It's not going to surprise me if this gets put in Miscellaneous Math, or hurt my feelings, but I'm going to try to phrase things in order to avoid getting this thread switched over. I know I'm way out of my league with these questions, but a friend of mine, who I very much respect, brought these to my attention. He swore me to secrecy, for reasons I'm not prepared to disclose, so I'm going to be asking questions that may not seem to be connected.

(1) The Legendre symbol method of sieving,(sorry if this is nonsensical, I'm hoping I can make myself understood), is it 100% proven, or is it simply BELIEVED to be 100% effective?

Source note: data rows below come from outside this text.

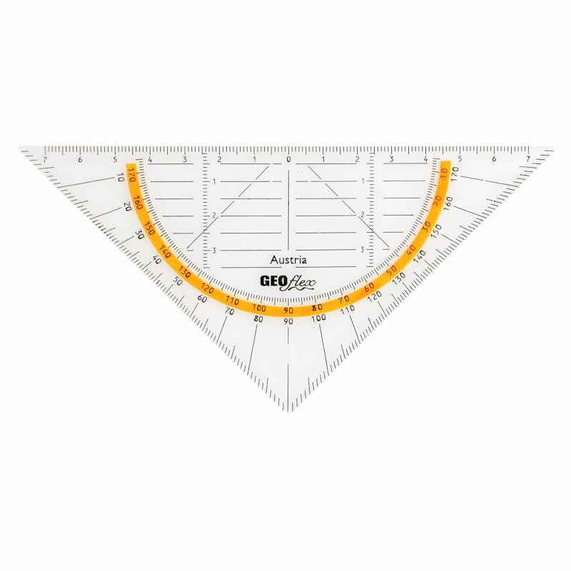 Flexibele, glasheldere geodriehoek in een plastic hoes. Door de flexibiliteit gaat de geodriehoek langer mee. Lengte: 16 cm.
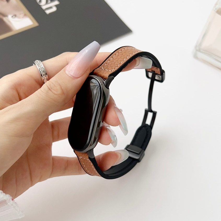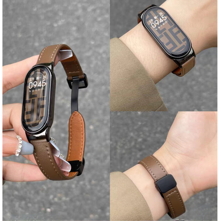 Adequado para Xiaomi Mi Band 9/8 Leather Strap Smart Sports 7 / 6 / 5 / nfc pulseira Couro Genuíno Fivela Magnética de Liberação Rápida
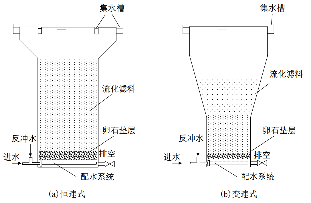 变速升流式膨胀滤池下部滤速高,可达130~150m/h远高于等速滤池,上部40~60m/h,从而解决了恒速膨胀滤池流化状态不佳和易携带滤料出水的问题。
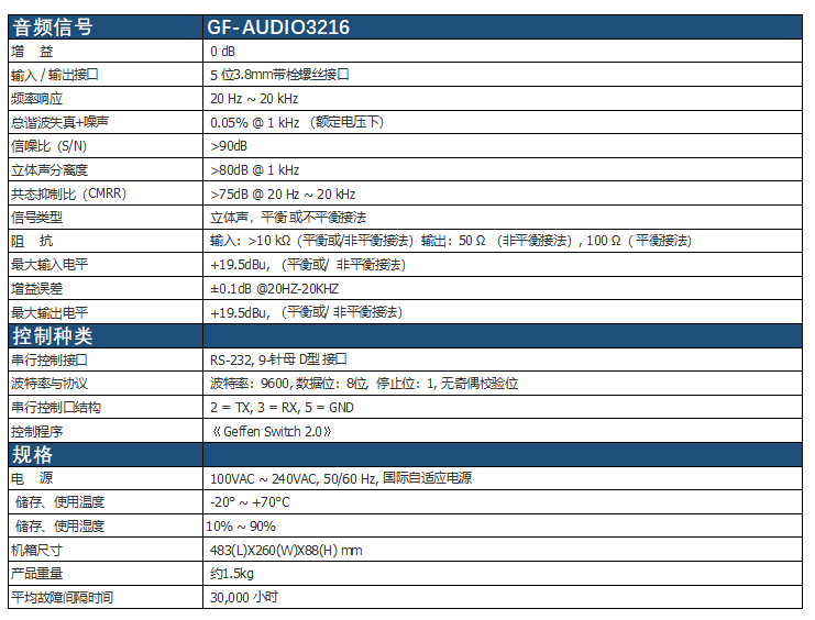 ●GF-AUDIO3216 32路音频输入,16路音频输出,可完全交叉切换

(2) The idea that a Fermat prime cannot have odd prime factors in the exponent, is it proven, or just BELIEVED to be effective? If I give a number, like 2^68544+1, can you give me an actual factor with that information, or is it mathematics that makes you believe it has a factor? Are there ANY gaps in the reasoning?

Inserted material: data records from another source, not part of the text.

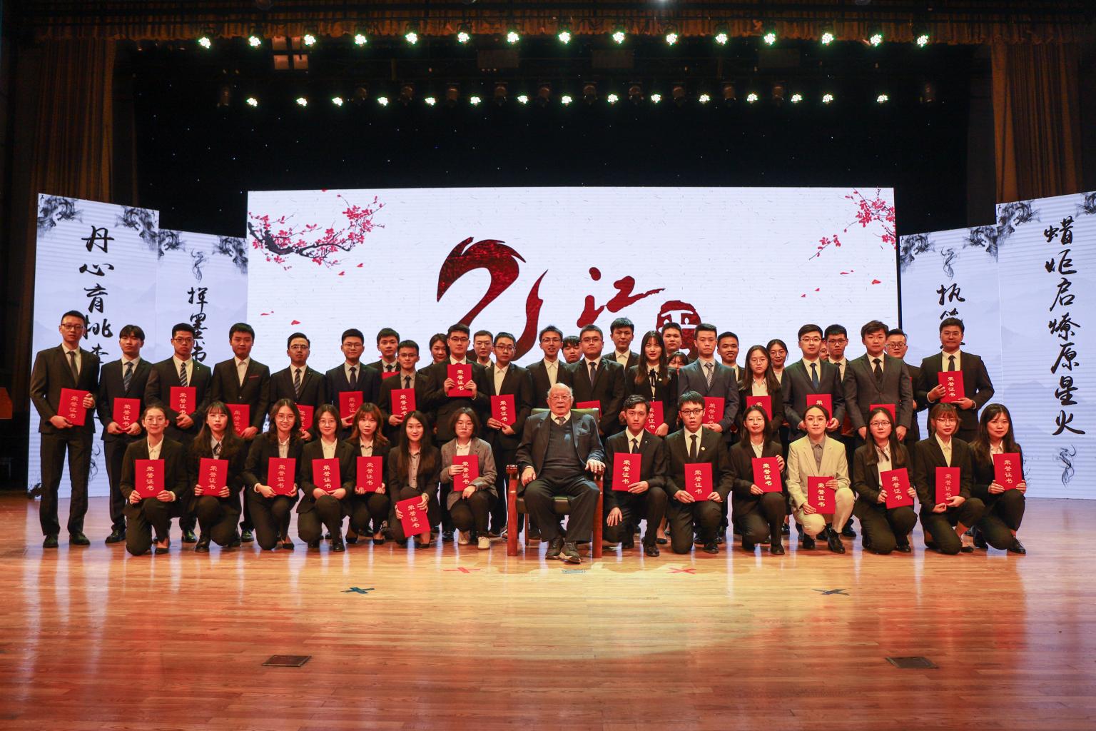 揭奖环节在主题视频和文艺表演中分批进行。典礼通过主题视频的方式分“辛勤破千夜,收此一寸玉”“ 研尽一寸墨,扫成万仞峰”“ 翰墨藏真意,千古仰其光”三个篇章对江平先生的一生和江平民商法奖学金走过的二十一年历程进行了诠释,歌曲《不忘初心》,舞蹈《春和景明》表达了后辈学者与学子对江平先生崇高精神的致敬与传承,获奖同学代表先后发言,表达了对支持自己的江平先生的感谢、祝福和对“法治中国”理想的追求。
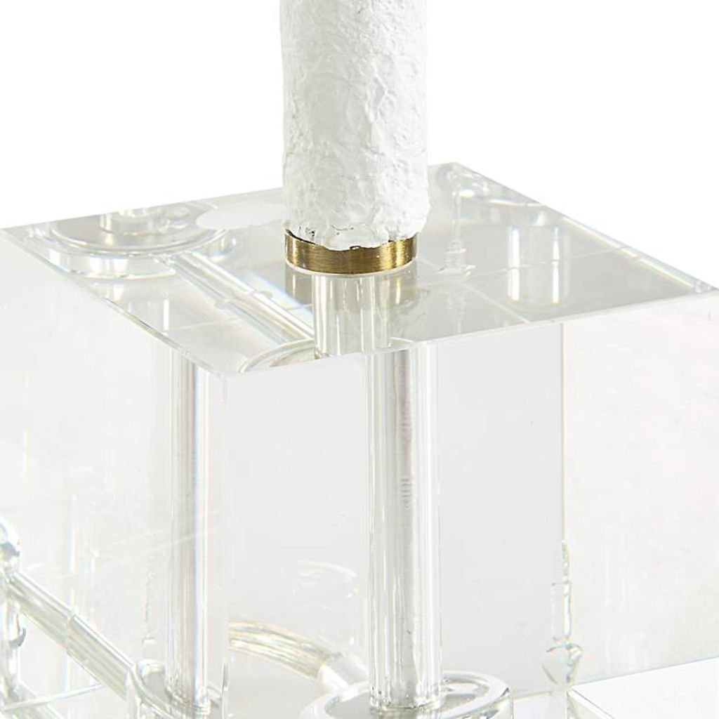 The Helena lamp features a slender, tall ceramic base finished in matte white, emphasizing its elegant, organic curves. At the very bottom, a square crystal accent adds a subtle touch of sophistication, enhancing the lamp’s contemporary aesthetic. The 3 1/2-inch wide base ensures a sleek footprint while maintaining stability.
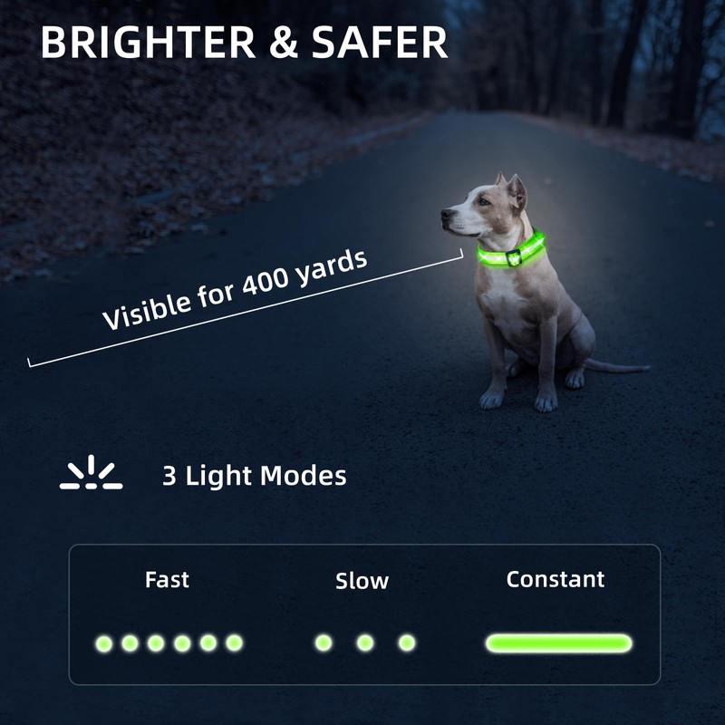 - Enhanced Visibility: Illuminate your dog with three vivid LED flashing modes—fast, slow and constant—ensuring maximum visibility and safety during nighttime walks.

(3) How many of the top-5000 primes have been tested via integer based math? After that twin prime fiasco with Intel, wouldn't it be better to test numbers with an integer based test after the normal test is run?

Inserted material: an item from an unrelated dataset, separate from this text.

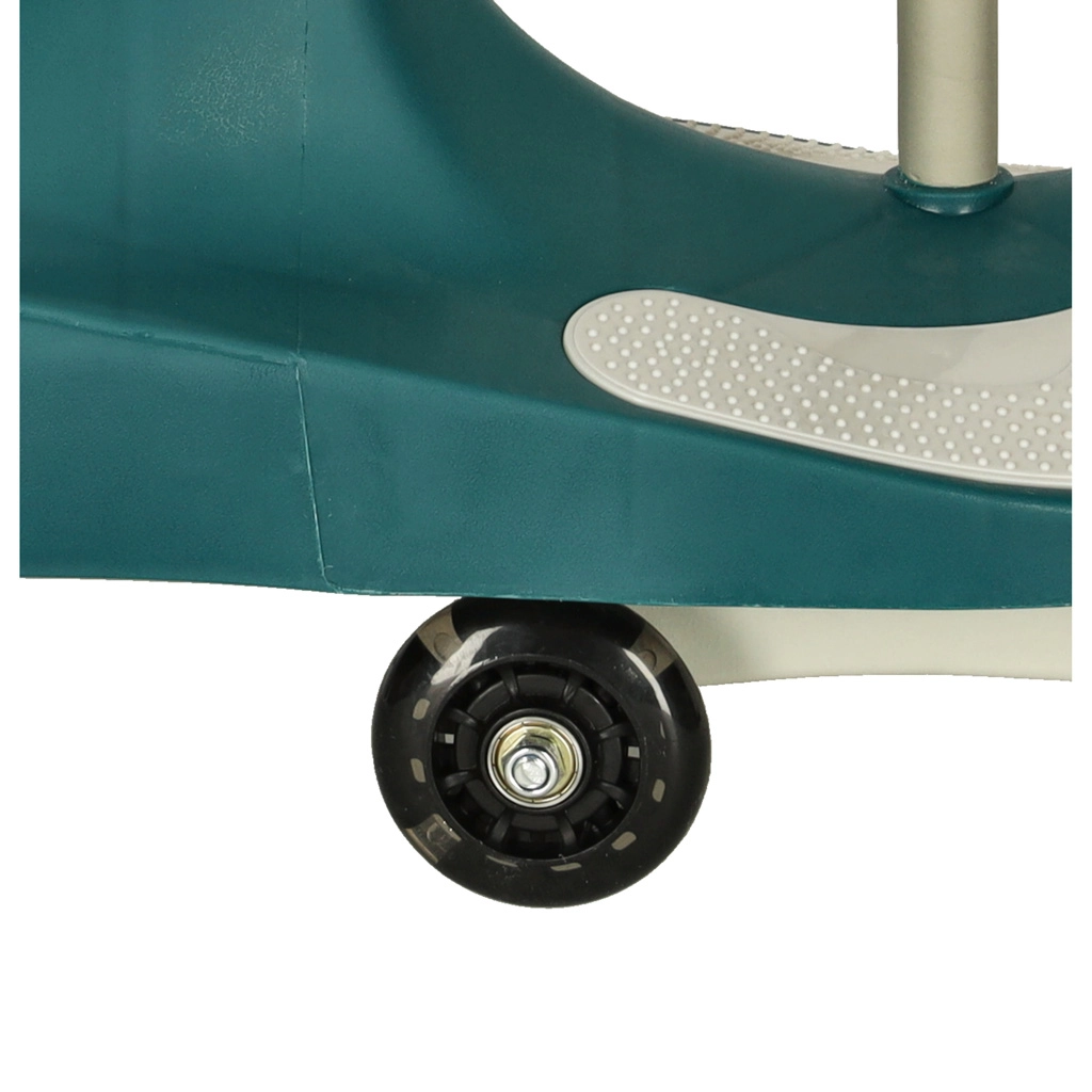 Las ruedas traseras, ampliamente separadas, mejoran la estabilidad y ayudan a evitar vuelcos. Las ruedas con diodos LED resultan atractivas para los niños y, al mismo tiempo, su superficie de caucho es más amable con los suelos. La resistente estructura de plástico soporta el uso diario y ofrece horas de diversión segura.
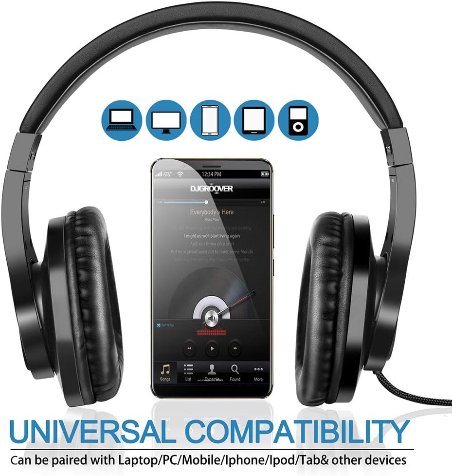 T3 Wired Over Ear Headphones – Stereo Sound Headphones with Tangle Free Cord Bass Comfortable Headphones, Lightweight Portable for Smartphone Tablet Computer PC Laptop Notebook

As I said, there's a lot of stuff that I'm suppressing on request. My friend has told me(approximate quote),"A lot of the stuff that people accept as fact is not true, so-and-so(note: I'm not telling who or what was mentioned, but it isn't George :) ) intentionally stacked the deck so that they would find the first 10-million digit prime. Because of this, a lot of primes on the top-5000 list are actually composite. You(jasong) have the necessary skills to figure it out with a good amount of work." From the way he said it(as I said, it's an approximate quote), it sounds like people have discovered what he discovered in the past(further than you would believe) and it is being suppressed.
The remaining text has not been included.